The answer seems to satisfy him, because he softens his tone when he speaks next. “We all know you have to be careful on these roads.”

After that, he asks Melissa once more if everything is okay. When she tells him that everything is fine, he turns to go without so much as saying good-bye to Philip. Melissa closes the door behind him, and Philip steps closer to the window by the sofa and pulls back the curtain. Outside, the sky is growing dark. Bill Erwin is almost a silhouette as he moves across the lawn then stops at the front door to pull a cigarette from his shirt pocket and light it. He takes a long drag then stomps his boots on the mat and steps inside.

Philip keeps watching but cannot see, of course, as Bill closes the door behind him and walks inside the living room of his and Gail's house.

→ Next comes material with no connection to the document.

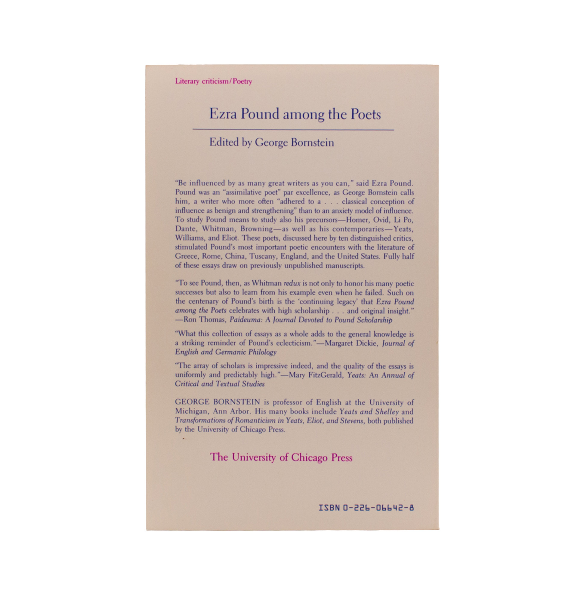 Contents: George Bornstein, “Introduction”; Hugh Kenner, “Pound and Homer”; Lillian Feder, “Pound and Ovid”; Ronald Bush, “Pound and Li Po: What Becomes a Man”; Stuart Y. McDougal, “Dreaming a Renaissance: Pound’s Dantean Inheritance”; Hugh Witemeyer, “Clothing the American Adam: Pound’s Tailoring of Walt Whitman”; George Bornstein, “Pound’s Parleyings with Robert Browning”; A. Walton Litz, “Pound and Yeats: The Road to Stone Cottage”; Thomas Parkinson, “Pound and Williams”; Robert Langbaum, “Pound and Eliot”; Marjorie Perloff, “The Contemporary of Our Grandchildren: Pound’s Influence.”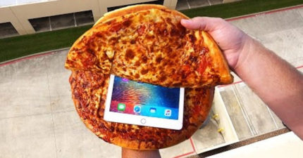 他將1台iPad放在兩片超多起司的披薩中間「然後從30公尺高空摔下」,保護效果讓人吃驚!

He cannot see, of course, as Bill stands on the braided rug by the basement door, fidgeting with that cigarette as he listens to the sound of Gail moaning in the basement. Somehow, he had managed to stop the bleeding. Somehow, by some strange miracle, she is still alive down there. For this, Bill is grateful, though he does not know what to do next. If he takes her to the hospital, she is certain to tell the first person she can about how this happened to her. Eventually, she will speak up about Melissa and those pills, which will lead the police to believe that the things Donna Fellman said years ago were true. Eventually, that will lead them to suspect Bill of those other women over the years, which could lead them to that vacant house in the back. So instead of taking her to the hospital, Bill dragged the comforter and quilts from their bed down to the basement. He arranged them on the floor, lifted her body, and placed her on top of them. He gave her water. He put ice packs on her ankles, which have ballooned to impossible sizes.

But her moaning won't stop.

Bill opens the door just a crack and tells her, “Please be quiet, dear. Please. I'm thinking about what I should do. I need quiet so I can figure out what we should do next.”

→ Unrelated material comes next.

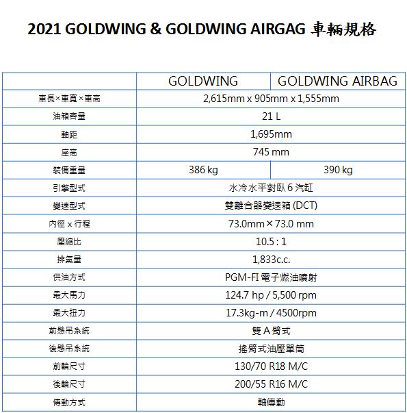 Honda Taiwan於2021年2月1日正式發布2021新世代GOLDWING登場,並從即日至2021年3月31日啟動GOLDWING車系 「尊爵榮耀 全新登場」活動,依車款規格不同,導入GOLDWIND、GOLDWING AIRBAG預接單價分別為119.8萬、128.8萬,車色部分GOLDWING為珍珠炫光白、GOLDWING AIRBAG則為珍珠炫光白與糖果熾熱紅,並採多退少不補為原則接單!預計2021年第二季正式到港交車。

It seems that all through their marriage he has been waiting for something like this to happen. He thinks of all the nights he sat at the table while Gail cooked dinner. Bill would look up at the large knife in her hand as she pulled it out of a drawer to slice a roast, and the same questions would flash though his mind:
What if I lost control the way I did with those other women? What if something in me rose up and I grabbed that knife from her?

He does not want to think about that now. Until he can figure out what to do next, he goes about making another check of the front and back windows the way he has done compulsively since this morning. Then he takes down one of the books from the shelf,
Weird News from Around the World
, to calm his nerves. He reads a story about a man in New York City who spent his days begging on the streets, then took all the money he made back to his six-bedroom house in New Jersey. Another about a family in Switzerland who was stuck on a faulty ski lift for thirteen hours in bitter cold and winds, but survived. Bill keeps on reading as Gail moans beneath him, and outside those birds stay perched on the branches, and next door, Melissa and Philip argue back and forth.

Finally, Melissa says, “Look, I don't want to fight with you anymore.”

Philip is about to look away from the window when he notices something glinting in the corner of his vision. He stretches his neck to see what it was or where it came from. But whatever it was is gone, so he turns back to her. “What did you mean before about my father?”